Creating a successful start-up is the dream of most developers across the globe. However, only a few make it to the finish line, let’s understand what can go wrong in each stage of a startups journey and discuss ideas to overcome common obstacles. Article by Dhiraj Khare – Manager Global partners at Liferay.in
- The Beginning:
- A startup should always be conceived around an innovative idea and promoters must have absolute clarity on the 4Ps (product, price, place and promotion).
- There should be a good a team mix such as.
- A very strong friendship/bond between the founders is important.
- A mix of skill sets is important.
- Registration & Starting Sales: This is an easy but important stage as under this an organization is registered as a particular type of organisation eg. Partnership, Private Limited or LLP having a website with clear list of offerings. Promotion and driving sales are a combination of various efforts like:
- Attending conferences
- Participating in hackathons
iii. Partnership with Technology providers and riding on their brand name
- Direct and Channel Sales Strategies
- Customer Success teams to retain accounts and get customers through referrals.
- Software Service and Product Start-up: It requires a different strategy to run a product versus a service company and priorities completely change based on the type of organization. Some important considerations are mentioned in below table:
|Sr.||Software Product Start-up||Software Services Start-up|
|1||Generic Skills are important||Product & Domain Specific Skill-Sets are important|
|2||Focus on creativity, innovation and open culture.||More focus on timelines and six sigma delivery process.|
|3||People tend to do new things everyday||People tend to do same thing again and again|
|4||Lots of seed investment till product takes off and post that its high margin business.||Practically zero seed required if all employees are billable but in competitive market you cannot sit on huge cash flow only on body shopping model hence diversification is required for full lifecycle project and for other operational and consulting services.|
|5||Caution: Founders tend to deviate from the original idea by listening to advice from one set of customers/ well-wishers.
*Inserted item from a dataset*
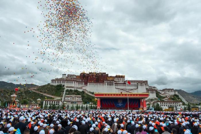 2021 年8 月19 日,慶祝西藏和平解放70 周年大會在拉薩布達拉宮廣場舉行。 本報記者 江飛波 攝

This can clouds vision.||Caution: Identity of a service company has to be with what a junior most employee can do and cannot be compared with the skill sets of founders.|
|6||Biggest Strength: Product Idea, skill sets, and vision of core founders.||Biggest Strength: Pool of skill sets and efficiency utilizing skill sets.|
- Midway Challenges: Most cases VC’s come to fund a start-up when they are almost certain of its survival and growth with its own retained earnings. Key aspects to consider when you are in midway of your journey of being successful:
- Cashflow: Cash flow to a business is as important as oxygen to humans, only difference is in start-ups it’s not available in abundance. Hence:
- Pay employees and founders more in the form of equity or RSU and other future benefits and less in cash
- Strict payment terms with your customers and avoid invoicing delays
iii. Use cost effective office space and hire self-motivated employees
- Avoid unnecessary travel and qualify the opportunity before putting efforts into it.
- Employee Attrition: Start-ups must spend time hiring and nurturing relationships with employees.
- Say No to Control Freak Management: Do not hire qualified people and keep interfering in their decisions.
- Don’t Fight, Try to Collaborate As Much As Possible: A market has enough opportunity for everyone and it does not make sense to unnecessarily compete all the time. Collaborate and decide on playing of each other’s strength.
- Changing the orbit: After the midway challenge, chances are high businesses will sail through. However, then comes the challenge of “what next”, you may have heard this statement from some of your entrepreneur friends. “Our growth is steady and we don’t know how to change gear or change the orbit and go to the next level”? This is where services companies want to become product companies and product companies want to venture into services. In order to do so founders raise money (either by going public or going to investor). Yet even after raising money founders are not clear about where to invest and they keep spending money in all directions.
Those who survive do so because they devote significant time to plan their shift and knew where to spend and what to expect after spending.
The passion and excitement that accompany a startups journey are palpable during every stage. This is why many want to be part of the startup culture. A successful startup promises tremendous rewards yet navigating during each stage demands considerable care as well.